Mais, vous jugez, le changement de pays, d’habitudes, de soupe quand en on mange, de boisson, n’y a-t-il donc pas de quoi détruire la meilleure santé ? On ne se soigne qu’en courant, et on s’en retourne à moitié mort… Argent ! maudit argent !

En voilà une de chaleur, le sommes-nous harassés ! Nous avons moissonné d’arrache-pied. Le temps est si sec, que le blé s’égrenait… Si tous les faucheurs s’étaient trouvés là, on n’aurait eu que demi-mal, mais les meilleurs sont à la France. Reviendront-ils vivants ? et dans quel état ? Pourvu qu’ils ne nous rapportent pas encore quelque épidémie ! Fût-ce ! M. Céran nous guérira.

Le père Roux, berger, soutient que la lune a un grain ou deux, les pluies vont venir. J’ai vu dans les champs deux pièces de blé encore debout : l’une est à Jean-Claude et l’autre à Cadet Lambin, tous les deux sont à la France. S’il pleut, leur pauvre blé va germer.

Chaque année, on se fait une fête du retour des franciers[2], et c’est presque toujours un enterrement…

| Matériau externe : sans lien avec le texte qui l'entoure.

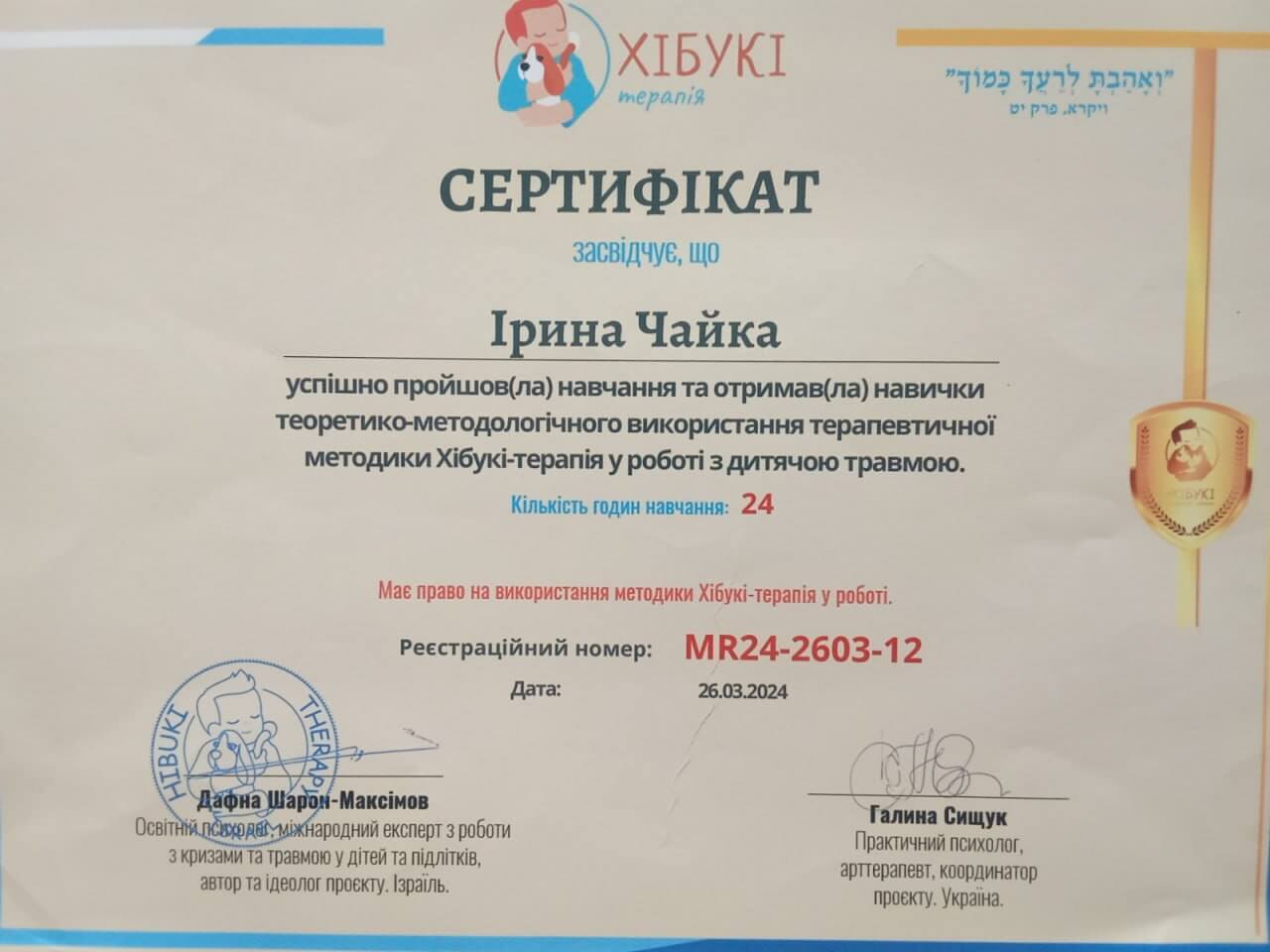 Також працюю з дитячими травмами, низькою самооцінкою, страхами, тривожністю, агресією, панічними атаками, транзиторно-моторними тиками та обсесивно-компульсивними розладами.

. . . . . . . . . . . . . . . . . . . .

Les voilà ! les voilà ! Voilà les franciers revenus !

— Où sont-ils ? — Sur la place ! — Courons les embrasser ! — Depuis quinze longs jours et quinze longues nuits qu’ils étaient partis ! — Mon pauvre fieu ! — Mon pauvre homme ! crient les bonnets blancs. — Courons, courons les embrasser.

— Nom de nom ! quelle mine ! sont-ils jaunes ! le sont-ils !

— N’approchez pas, dit Jean-Claude, nous rapportons l’épidémie.

Ce mot-là fait sauver tout le monde, jusqu’aux femmes, jusqu’aux mères.

La désolation de la désolation, l’épidémie est à Saint-Brunelle !

— Qu’une bonne âme aille chercher le médecin, redit Jean-Claude d’une voix de mourant.


  1. Nom que donnent les paysans du nord à la moisson qu’ils vont faire au centre de notre pays.
  2. Nom des moissonneurs qui vont à la France.